=== DATA FOR THIS TASK ===

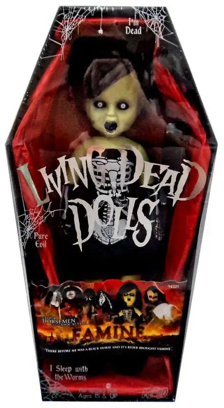 Just in time for the predicted end of the world, the Living Dead Dolls present the Four Horsemen Of The Apocolypse; War, Famine, Death, and Pestilance. Each doll comes complete with real cloth clothing and their own unique hobby horse. Pestilence also comes with a plague mask and War comes with a helmet and gas mask..
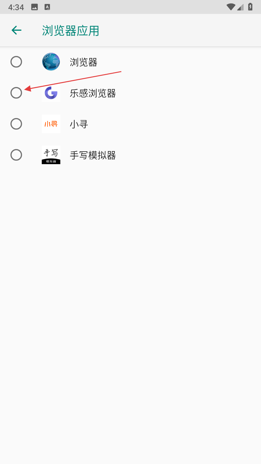 4、在瀏覽器應(yīng)用選擇界面,找到樂感瀏覽器對應(yīng)的單選按鈕并點擊,完成默認瀏覽器的設(shè)置。
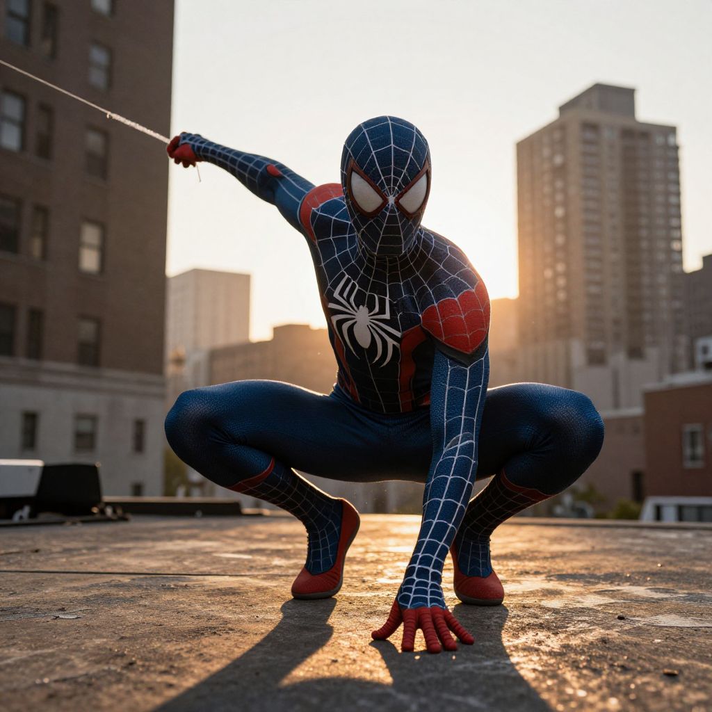 Photograph of a person in a Spider-Man costume, squatting on a rooftop at sunset. The costume is a tight, blue, black, and red suit with white web patterns, red spider emblem on the chest, and red webbed gloves and shoes. The person's face is obscured by the black mask. Sunlight casts long shadows, highlighting the textured rooftop. Background features tall city buildings with windows, creating a dramatic urban skyline. The person holds a wire in their right hand, poised for action. The image has a dynamic, action-hero feel.
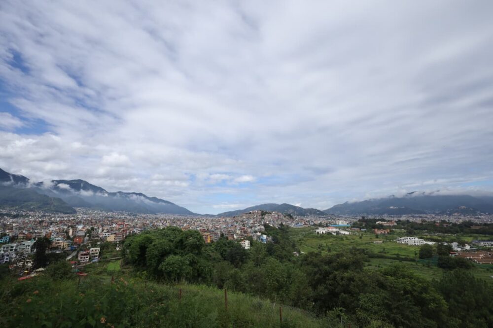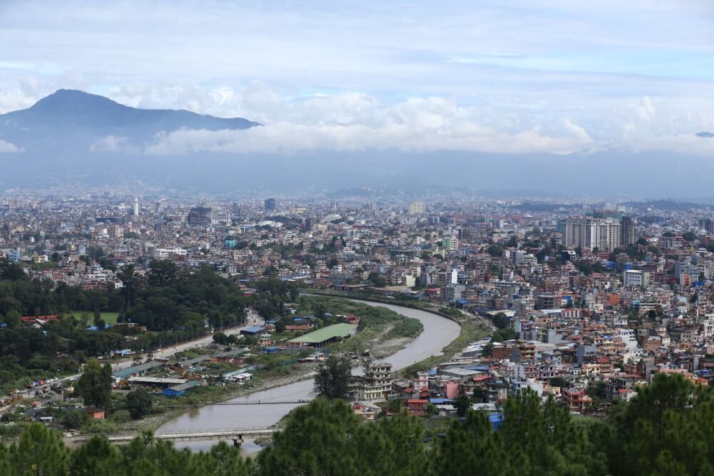 Kathmandu. The sky has opened up in the Kathmandu Valley after the rain stopped. The sun is shining in Kathmandu and the water level in the river has receded.
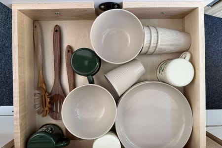 Sleeps 4 comfortably (Murphy bed + pop-top loft)
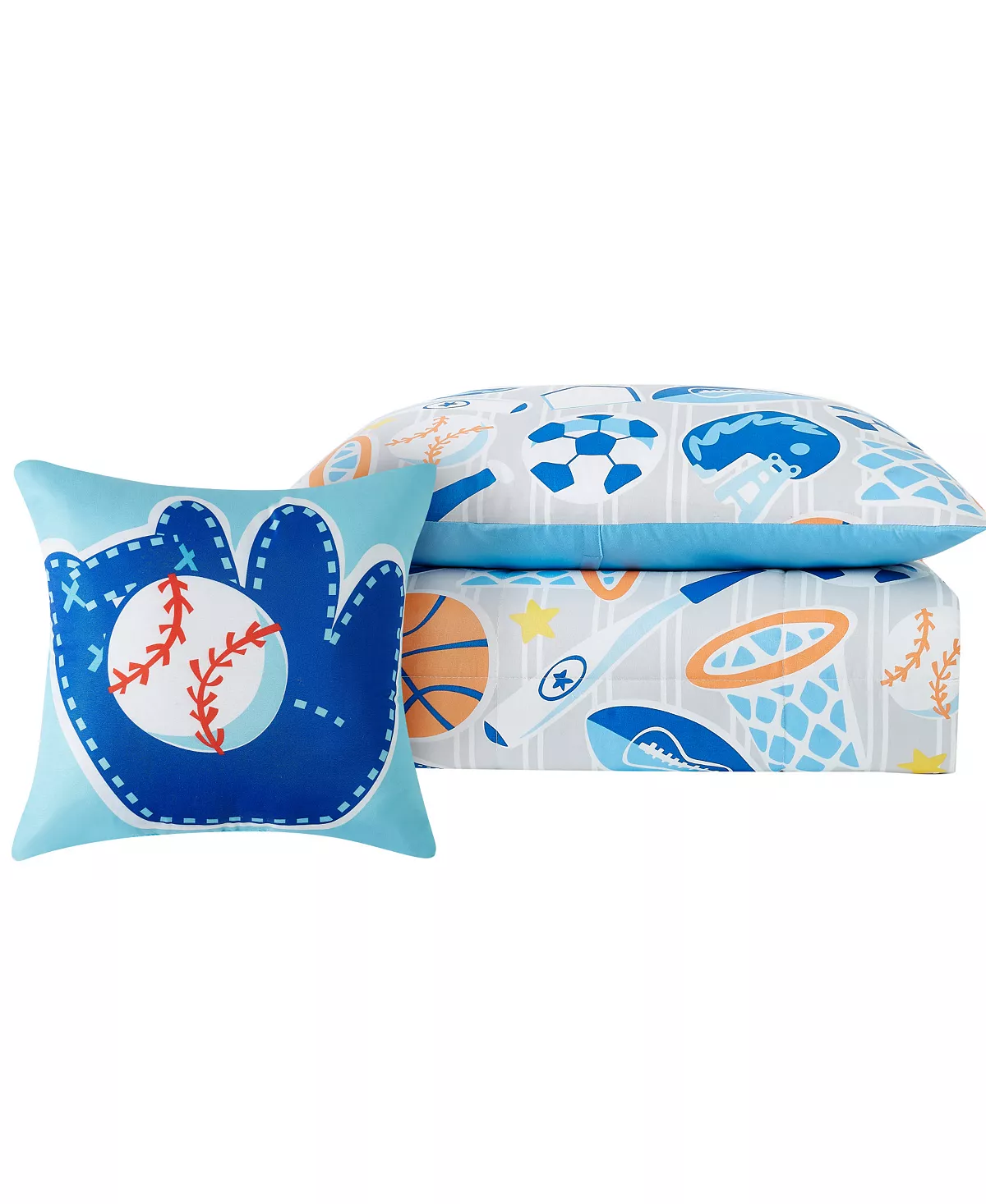 Take your pick with soccer, basketball, baseball, and football icons printed in bright blues on a gray woven fabric with all you need to complete the top of the bed.
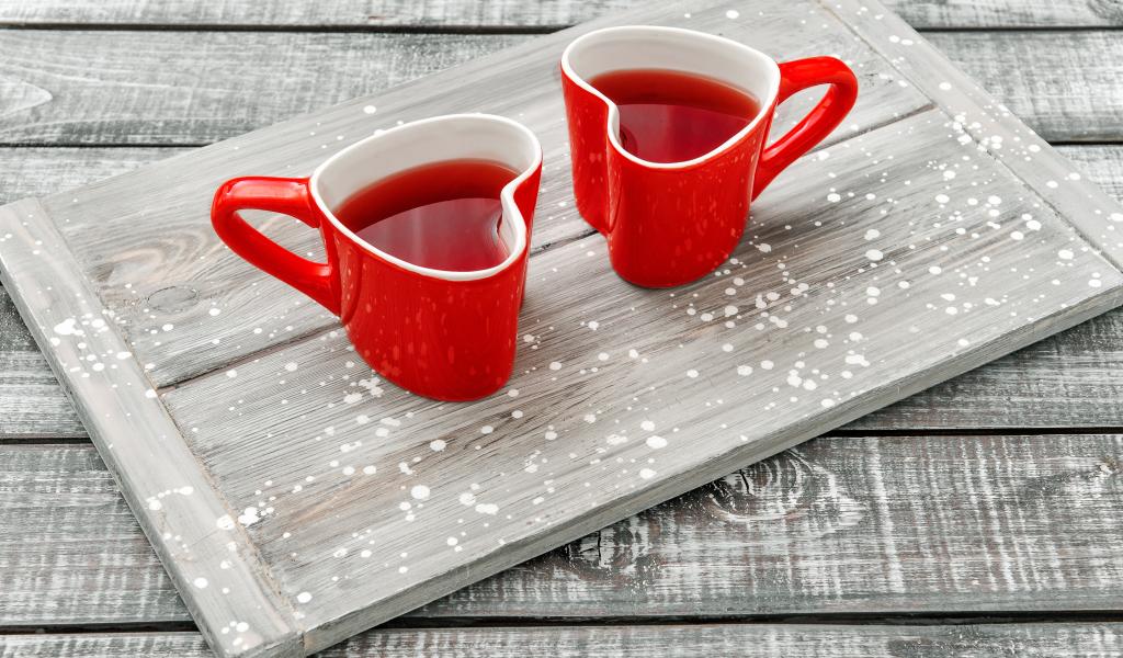 Wallpaper Two red heart-shaped cups on the table
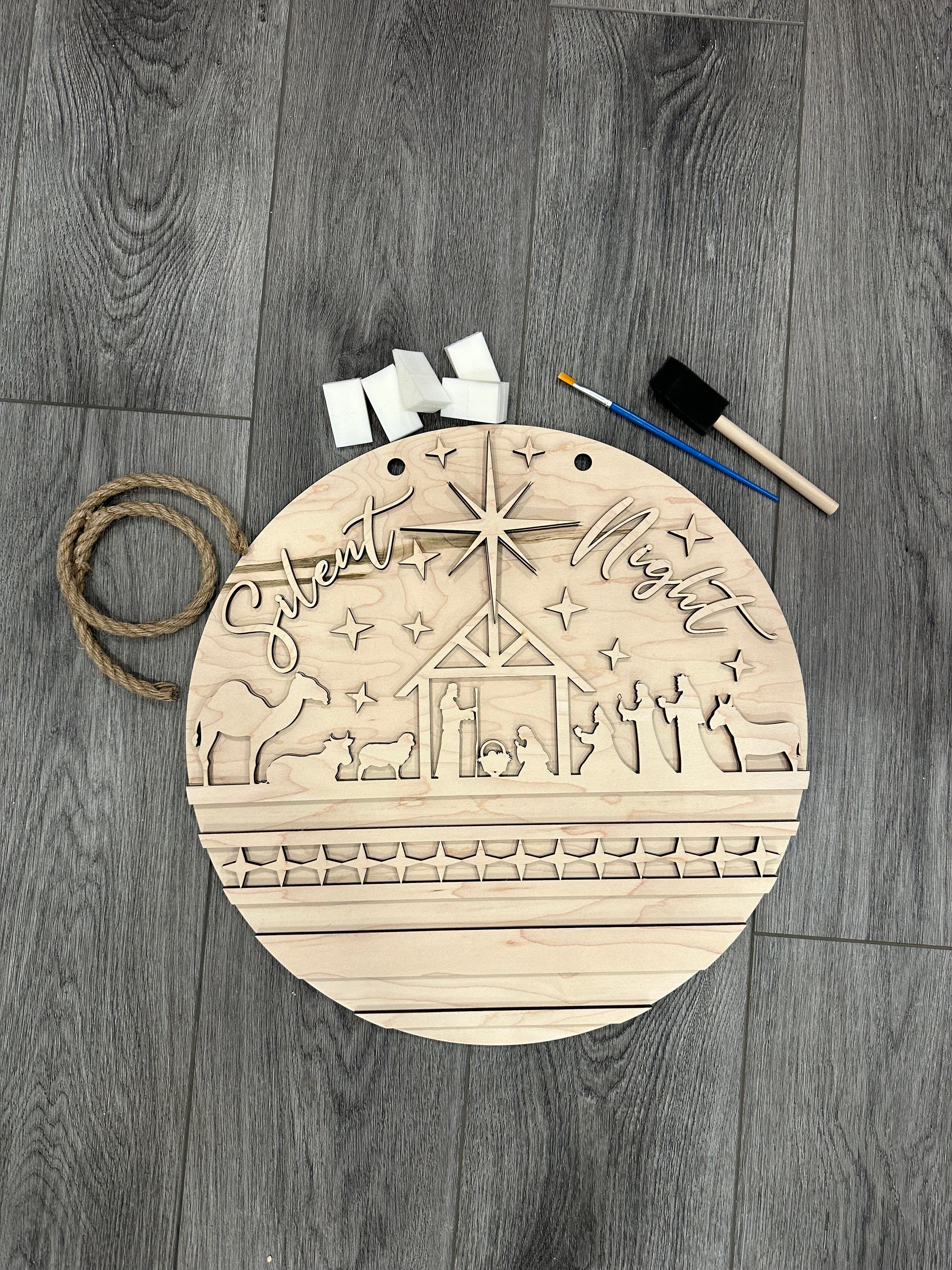 Size of finished sign is 16” in diameter and comes with a rope to hang!
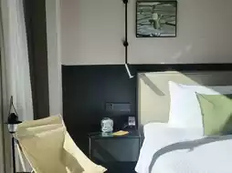 The breakfast deserves special praise. The hot dishes included seafood, which was definitely a unique highlight of their breakfast spread. The presentation was also well-plated, making it visually appealing at first glance. The restaurant’s decor was vibrant, with low-saturation green and brown as the main color palette. The gentle morning sunlight streaming onto the glassware on the long table made for a delightful start to the day.
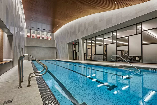 ミッドタウンの築浅物件。フルタイムドアマン、ジム、バスケットコートなどのアメニティ充実。室内洗濯乾燥機完備。
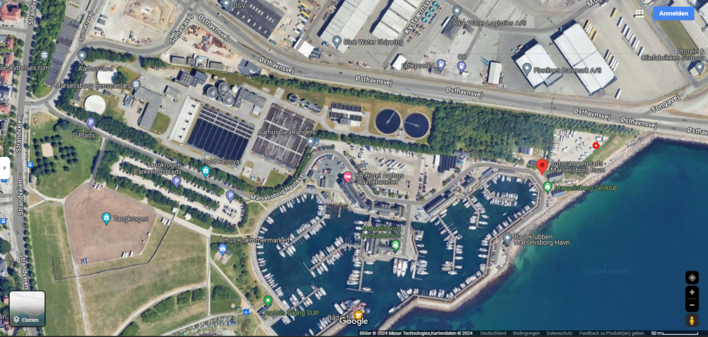 Heute wurden wir leider mit Regen geweckt. Unsere Fahrt bis nach Aarhus war auch regnerisch. Dazu kam noch eine Umleitung, durch eine Strassensanierung, sodass wir über eine kleine Nebenstrasse fahren mussten. Gut hatte es da nicht so viel Verkehr. Durch die Stadt bis zum Stellplatz am Hafen kamen wir gut voran. Leider musste man am Platz zuerst schauen, ob es noch einen freien Platz hat, bevor man einchecken konnte. Erwin musste mit dem «Friesennerz» zuerst an den Platz und dann noch zum Hafenmeister und dies bei strömendem Regen.
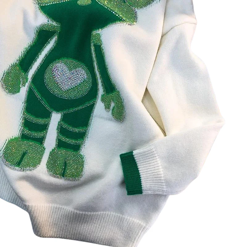 Adoptez un look original et décontracté avec ce Pull Strass Laine Personnage joliment tricoté. Il est fabriqué en laine naturelle et durable, pour une sensation de douceur et de confort sur la peau. Sa coupe élégante lui confère un look chic et moderne. Ce pull à la mode ravira toutes celles qui le porteront. Vous adorerez son joli personnage pailleté ! A porter avec un jean et des baskets compensées à paillettes.
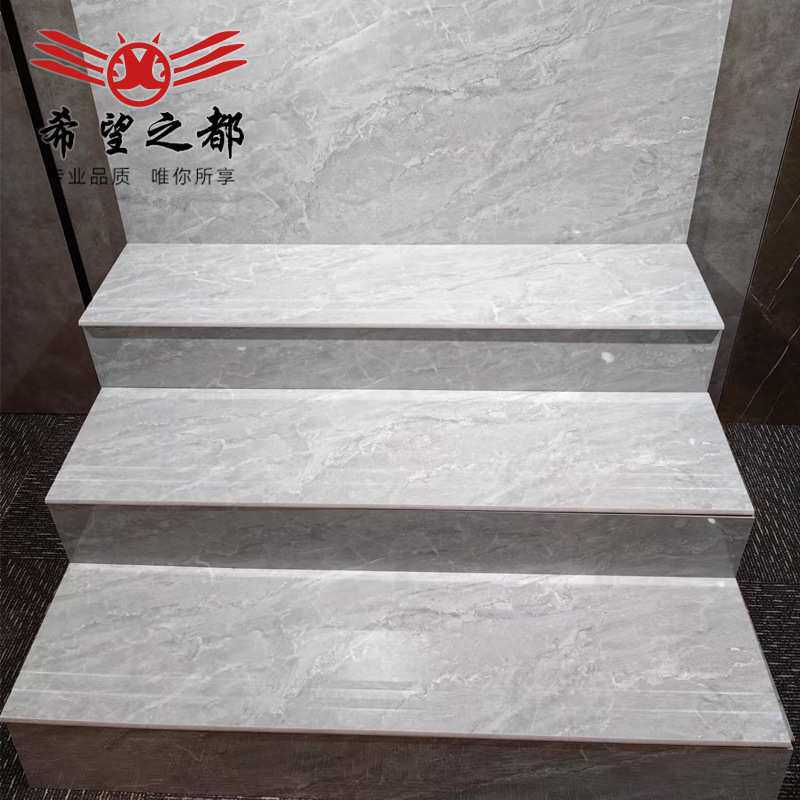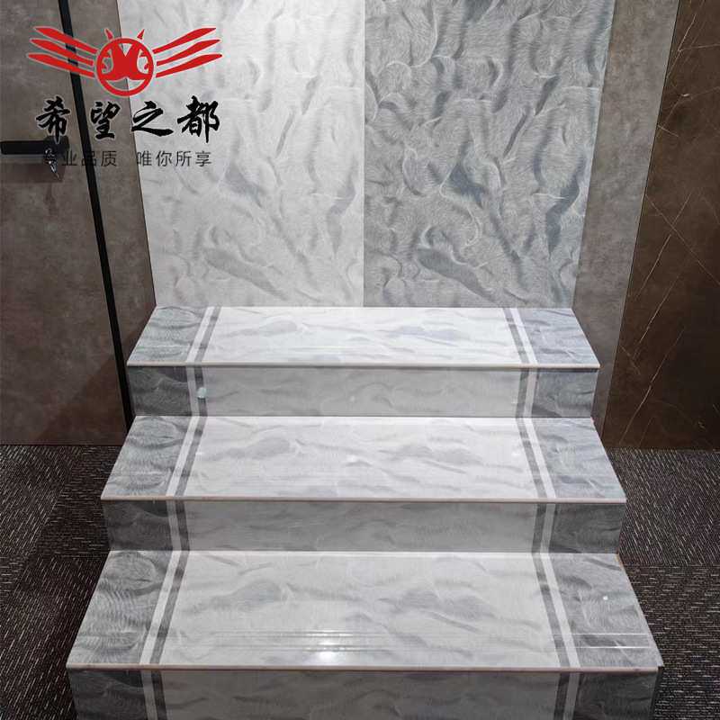 楼梯砖踏步瓷砖防滑大理石地砖 原厂拉槽通体砖台阶地板砖灰色
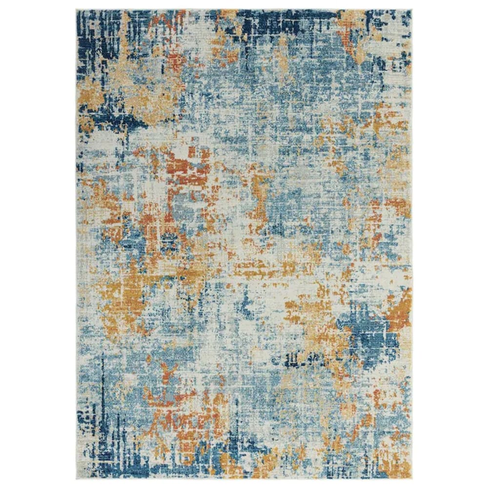 Atticgo Tapis en viscose géométrique beige/bleu/rouille 135x195 cm Multicolore 195x1x135cm
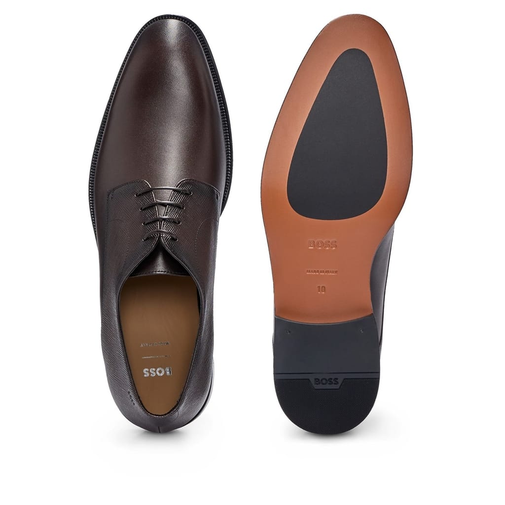 Elevate your formal attire with these Boss smart shoes. Crafted in a classic oxford style, they feature a sophisticated almond toe design. The textured pattern adds a touch of elegance, making them a perfect choice for any formal occasion. These shoes seamlessly blend style and comfort, ensuring you make a lasting impression. -
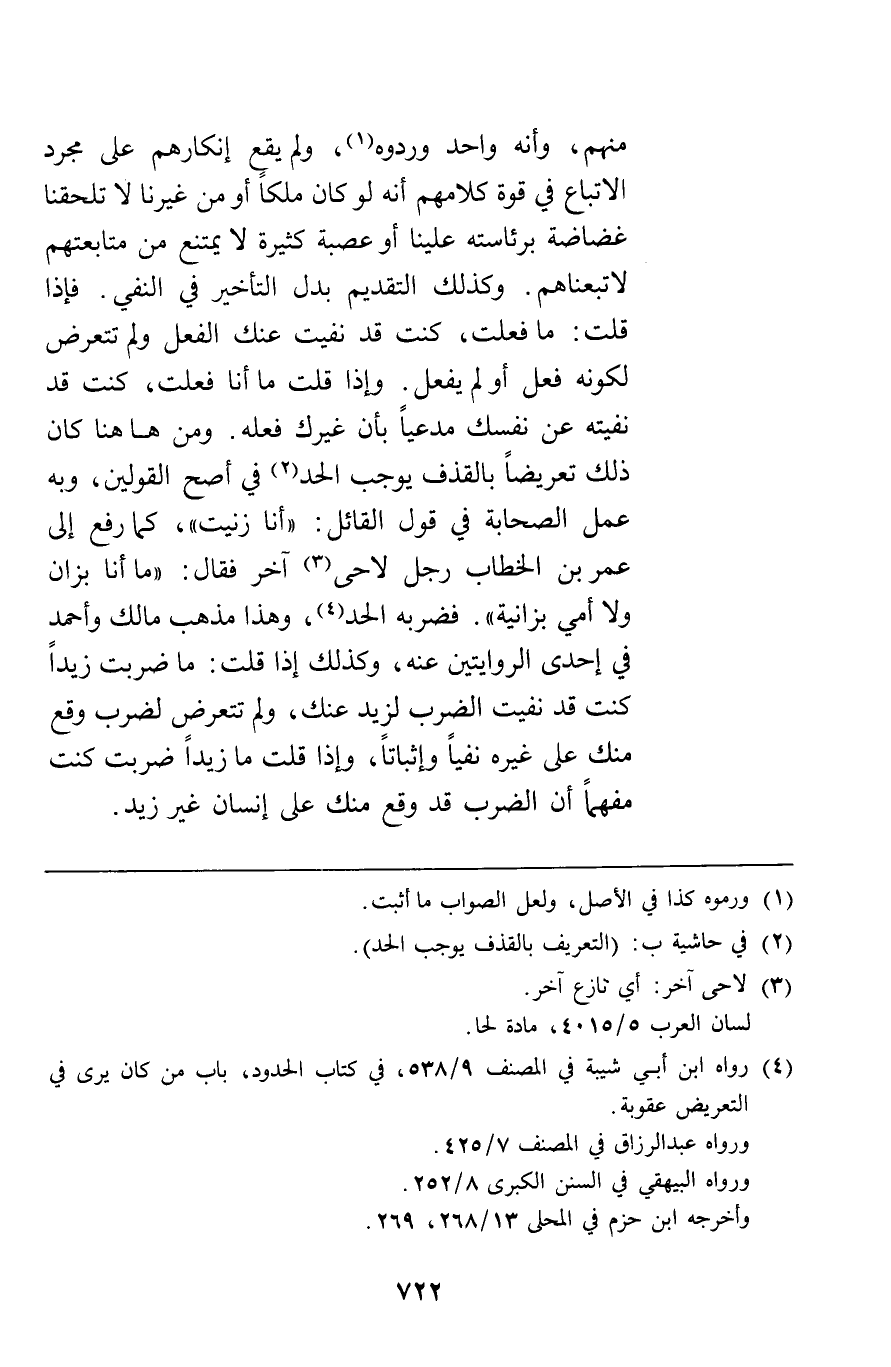 منهم وأنه واحد وردوه ولم يقع إنكارهم على مجرد الاتباع في قوة كلامهم أنه لو كان ملكا أو من غيرنا لا تلحقنا غضاضة برئاسته علينا أو عصبة كثيرة لا يمتنع من متابعتهم لاتبعناهم وكذلك التقديم بدل التأخير في النفي فإذا قلت ما فعلت كنت قد نفيت عنك الفعل ولم تتعرض لكونه فعل أو لم يفعل وإذا قلت ما أنا فعلت كنت قد نفيته عن نفسك مدعيا بأن غيرك فعله ومن ها هنا كان ذلك تعريضا بالقذف يوجب الحد في أصح القولين وبه عمل الصحابة في قول القائل أنا زنيت كما رفع إلى عمر بن الخطاب رجل لاحى آخر فقال ما أنا بزان ولا أمي بزانية فضربه الحد وهذا مذهب مالك وأحمد في إحدى الروايتين عنه وكذلك إذا قلت ما ضربت زيدا كنت قد نفيت الضرب لزيد عنك ولم تتعرض لضرب وقع منك على غيره نفيا وإثباتا وإذا قلت ما زيدا ضربت كنت مفهما أن الضرب قد وقع منك على إنسان غير زيد.

===

WORK ITEM: From the records above, copy only the lines running from the line containing "Sleeps 4 comfortably" to the line containing "ミッドタウンの築浅物件。フル", both ends included. Leave the pictures out.

ANSWER AREA:
 Sleeps 4 comfortably (Murphy bed + pop-top loft)
 Take your pick with soccer, basketball, baseball, and football icons printed in bright blues on a gray woven fabric with all you need to complete the top of the bed.
 Wallpaper Two red heart-shaped cups on the table
 Size of finished sign is 16” in diameter and comes with a rope to hang!
 The breakfast deserves special praise. The hot dishes included seafood, which was definitely a unique highlight of their breakfast spread. The presentation was also well-plated, making it visually appealing at first glance. The restaurant’s decor was vibrant, with low-saturation green and brown as the main color palette. The gentle morning sunlight streaming onto the glassware on the long table made for a delightful start to the day.
 ミッドタウンの築浅物件。フルタイムドアマン、ジム、バスケットコートなどのアメニティ充実。室内洗濯乾燥機完備。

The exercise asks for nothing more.